Liz: Oh, that’s hard. Let me first say, I’m certainly I’m not remotely unique. I think I speak for honestly millions of people when I say his death changed me and affected me. I don’t at all pretend to say my loss or my grief was any greater than other fans or certainly his own crew and own family. But, ya know, there was no personality quite like him and the circumstance, just the notion that he could have been killed was impossible to accept. To your question itself, I just was inconsolably sad and it wasn’t just when I went to the race track that I felt the loss. I just felt like the most charismatic, complex, fun, entertaining person had been taken away. Whether I covered a race and he spoke to me or not or he made some joke aside, or if I just saw him from across the garage, I mean, everybody watched that black car, everybody watched him when he got in the car. Ya know and he made you feel differently about yourself, he really did and I think every driver would tell you that. I mean he’d aggravate you or compliment you. I think sometimes when he ran you really hard that was his way of complimenting you.

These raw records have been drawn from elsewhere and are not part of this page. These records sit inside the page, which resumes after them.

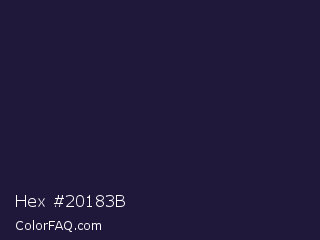 Hex #20183b Color is a very dark indigo color and the nearest color is Haiti #1b1035. Hex code #20183b and RGB value is rgb(32,24,59). In RGB color space, this color is composed of 13% red, 9% green, 23% blue, In CMYK color space, this color is composed of 46% cyan, 59% magenta, 0% yellow , 77% black , In HSL color space, this color has a hue angle of 254° , 42% saturation and 16% lightness.
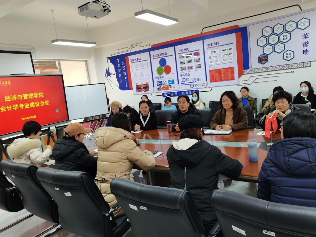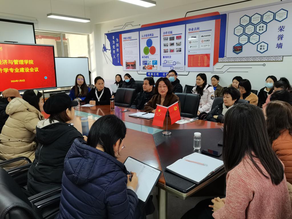 为推进会计学专业建设,提升专业建设质量和水平。1月8日上午,经济与管理学院在明志楼北606召开会计学专业建设研讨会。经济与管理学院院长郭鹏教授,副院长许萍、雷娟,会计学专业全体教师参加了会议。会议由许萍主持。
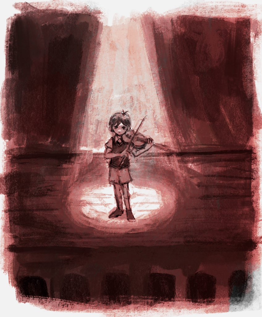 1boy antenna_hair black_eyes black_hair black_shoes bow_(music) brown_shorts chan_(semi_mi) closed_mouth collared_shirt holding holding_bow_(music) holding_instrument holding_violin instrument male_focus music omori playing_instrument red_theme shirt shoes short_hair short_sleeves shorts socks spotlight standing sunny_(omori) violin white_shirt white_socks
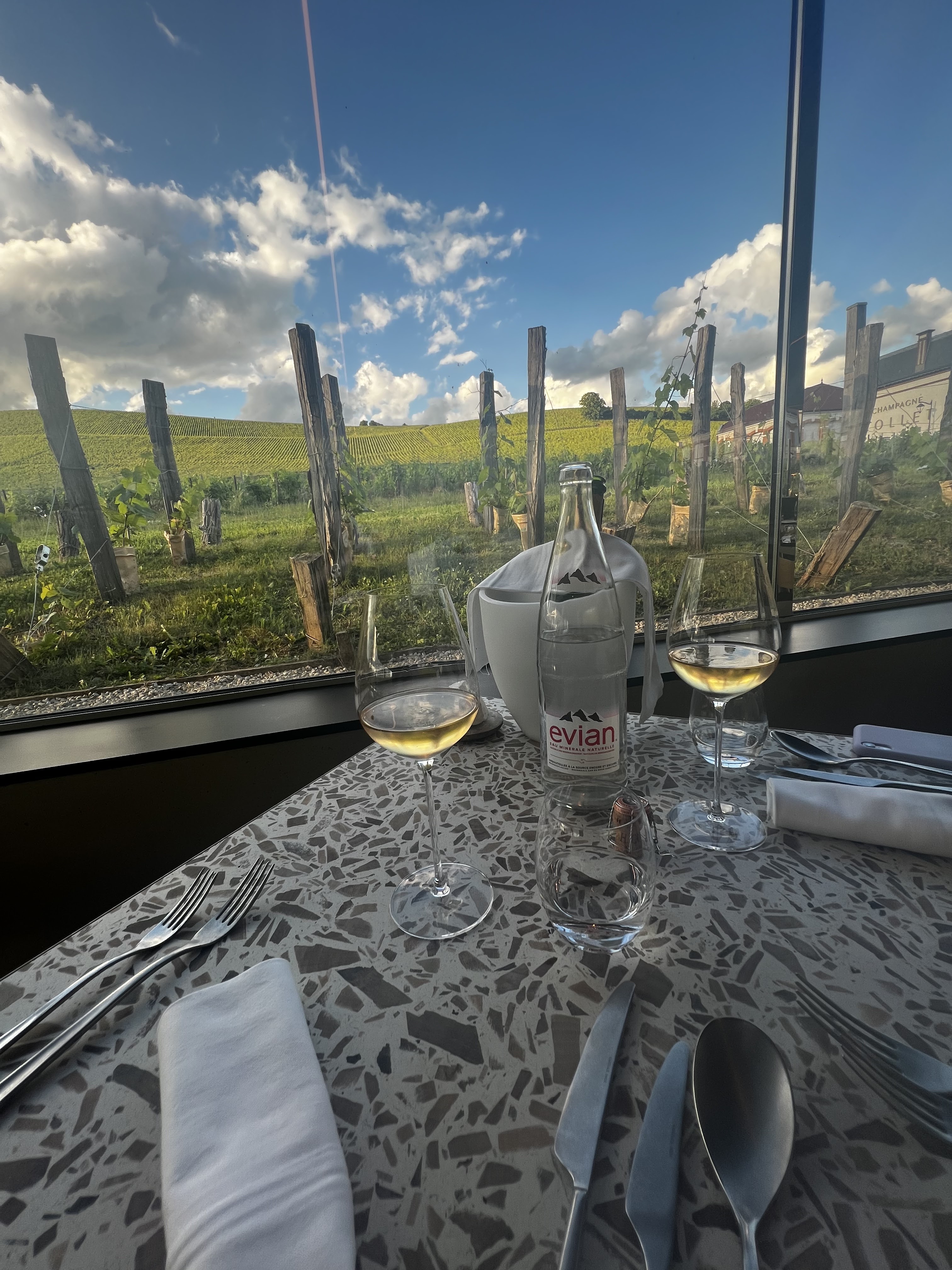 Excellent service, excellent emplacement ! Le personnel était vraiment instructif et connaissait bien le vin, super accueillant, la nourriture était impeccable avec une vue sur les vignobles et le champagne, je ne saurais trop le recommander, merci !
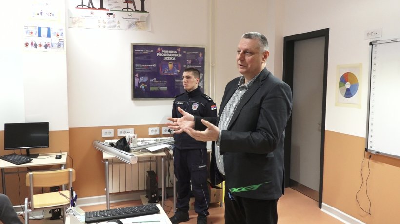 Predavanje su održali policijska službenica iz Policijske stanice u Staroj Pazovi, profesor stručnih predmeta Zoran Kuzmanov, kao i učenik i učenica trećeg razreda Srednje škole unutrašnjih poslova.

There was one time they had built the track in Dallas, that awful first year of that race, and I was working for the Dallas Morning News and I was taking one of our metro columnists for a walk around the garage. He had never been to a race and I was trying to explain, ya know here’s the order that they park the cars and here’s what this means, be really careful ‘cause they’ll come in with their engines off and you won’t hear ‘em, ya know a lot of basics when you’re sort of showing somebody around. Earnhardt came around the corner in the car; he was in a practice session so they were in and out and in and out. And he whipped his car, hand to God, about two inches from my foot. Swung it right toward me, the guy next to me almost fainted. And I said, “Oh, he’s just saying hello.” And he was grinning and that was totally him. I’m not sure I talked to Dale that day but that’s the kind of stuff he would do. He’d do stuff like that to Schrader, Mark Martin. It was just his little way. It’s an aside, but the notion that he was gone; it was just a hole of blackness. This profound hole, it was like the sun was gone. It was just something so integral to way you saw the world was gone. I still feel that way, I still feel that way. I know Rusty Wallace feels that way, we’ve talked about it. It’s not something people talk about in racing too much. But I don’t think seven years has lessened it at all.
Me: Why do you think NASCAR was so slow, I guess is the word, to put in those mandatory safety features until after Dale Earnhardt’s death, especially the HANS device, especially after all of those incidents?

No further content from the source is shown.